Every point on this plane is represented by an ordered pair, \((x,y)\), where \(x\) indicates the horizontal position and \(y\) indicates the vertical position.

• The positive direction on the x-axis is to the right, while the negative direction is to the left.
• On the y-axis, positive values go up and negative values go down.

Understanding the coordinate plane allows us to easily plot and locate points, and analyze the relationships between different points.

A line segment is a part of a line that is bounded by two distinct endpoints. It is the shortest path between those endpoints on the coordinate plane.

Unlike a line, which extends infinitely in both directions, a line segment has a defined length. In mathematical problems, line segments are often used to describe the distance or relationship between two points.

When working with line segments on a coordinate plane:

• The endpoints are identified using coordinates, such as \((x_1, y_1)\) and \((x_2, y_2)\).
• The properties of line segments, such as their length, can be calculated using formulas, like the distance formula.

Line segments are a fundamental concept in geometry and are essential for understanding more complex geometric shapes.

The midpoint of a line segment is the point that is exactly halfway between its endpoints.

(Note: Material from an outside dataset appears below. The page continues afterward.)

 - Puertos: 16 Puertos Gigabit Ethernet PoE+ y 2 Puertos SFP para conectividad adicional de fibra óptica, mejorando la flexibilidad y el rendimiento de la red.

It divides the line segment into two equal parts. Calculating the midpoint is crucial in geometry, as it helps in various applications like bisecting angles and segments.

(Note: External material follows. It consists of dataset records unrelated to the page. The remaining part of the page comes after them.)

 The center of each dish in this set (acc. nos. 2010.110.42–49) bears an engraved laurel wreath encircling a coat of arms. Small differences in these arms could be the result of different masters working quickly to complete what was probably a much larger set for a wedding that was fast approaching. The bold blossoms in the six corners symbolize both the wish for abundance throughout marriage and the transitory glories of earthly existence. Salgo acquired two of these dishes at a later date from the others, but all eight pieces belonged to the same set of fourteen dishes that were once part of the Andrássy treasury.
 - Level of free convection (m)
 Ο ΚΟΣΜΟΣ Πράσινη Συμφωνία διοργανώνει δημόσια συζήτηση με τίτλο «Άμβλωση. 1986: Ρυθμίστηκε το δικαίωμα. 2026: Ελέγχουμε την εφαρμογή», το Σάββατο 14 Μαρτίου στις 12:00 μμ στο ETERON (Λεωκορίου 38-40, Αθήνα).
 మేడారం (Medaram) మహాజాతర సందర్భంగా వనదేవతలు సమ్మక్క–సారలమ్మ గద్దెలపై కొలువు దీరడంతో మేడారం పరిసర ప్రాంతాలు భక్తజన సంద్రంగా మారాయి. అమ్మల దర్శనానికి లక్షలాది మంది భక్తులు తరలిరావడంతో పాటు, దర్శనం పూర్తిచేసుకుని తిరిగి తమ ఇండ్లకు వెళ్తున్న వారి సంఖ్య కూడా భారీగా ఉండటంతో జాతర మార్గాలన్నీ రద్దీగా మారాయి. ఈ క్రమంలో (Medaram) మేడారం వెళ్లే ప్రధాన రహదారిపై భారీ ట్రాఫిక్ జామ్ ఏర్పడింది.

We use the midpoint formula to find this point's coordinates. Given endpoints \((x_1, y_1)\) and \((x_2, y_2)\), the midpoint \((x_m, y_m)\) can be found using:\[x_m = \frac{x_1 + x_2}{2}, \quad y_m = \frac{y_1 + y_2}{2}\]

In the exercise mentioned, point \(M(6,8)\) was given as the midpoint, which helped us derive the unknown endpoint \(B\). Knowing how to find a midpoint allows you to solve many geometric problems easily.

Plotting points on a coordinate plane involves placing a dot at the location specified by an ordered pair, \((x, y)\). This activity is foundational for graphing equations and understanding geometric figures.

To plot a point:

• Start at the origin \((0,0)\), and move horizontally to the x-value.
• Then, move vertically to the y-value.
• Mark the intersection of these movements with a point.

In our problem, the points \(M(6,8)\) and \(A(2,3)\) are plotted first. This visualization helps in understanding their spatial relationship, allowing us to use the midpoint formula effectively. Being skilled at plotting points enhances your ability to interpret and solve geometric problems.